Pada tulisan ini kita akan menyampaikan salah satu tindak pidana yang sering terjadi dimasyarakat yaitu tentang tindak pidana Penyertaan atau ikut serta.
Pasal tindak pidana Penyertaan atau turut serta telah diatur dalam Pasal 55 KUHP jo. Pasal 20 UU No. 1 tahun 2023 tentang KUHP terbaru.
Pasal 55 KUHP:
Ayat (1) Dipidana sebagai pelaku tindak pidana: Mereka yang melakukan, menyuruh melakukan, dan turut serta melakukan perbuatan;
Mereka yang dengan memberi atau menjanjikan sesuatu dengan menyalahgunakan kekuasaan atau martabat, dengan kekerasan, ancaman, penyesatan, atau dengan memberi kesempatan, sarana, keterangan, atau sengaja menganjurkan orang lain agar melakukan perbuatan.

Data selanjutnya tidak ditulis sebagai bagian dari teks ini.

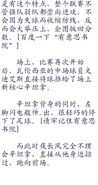 而此时夜长风可不管明和的球员怎么想,整个前场就他一个人,夜长风也没有把球分到边路的意思。岜丛

(2) Terhadap penganjur, hanya perbuatan yang sengaja dianjurkan sajalah yang diperhitungkan beserta akibat-akibatnya.
Pasal 55 ayat (1) ke-1 KUHP menyatakan bahwa pelaku tindak pidana kejahatan adalah setiap orang yang melakukan, menyuruh melakukan dan turut serta melakukan.
Unsur-unsur Pidana Pasal 55 KUHP
Terdiri dari : Melakukan (pleger), menyuruh melakukan (doenplegen), ikut serta melakukan (medepleger) dan penganjur (Uitlokker)
Tulisan ini hanya terbatas pada pembuat (deder) dan Pelaku (plager) turut Serta Menurut pasal 55 KUHP, Jo. UU Nomor 1 Tahun 2023 Pasal 20
Pembuat (Dader), dan Pelaku (Pleger)
Pelaku adalah seseorang yang melakukan suatu perbuatan yang memenuhi rumusan delik yang paling bertanggung jawab atas suatu peristiwa kejahatan (tindak pidana)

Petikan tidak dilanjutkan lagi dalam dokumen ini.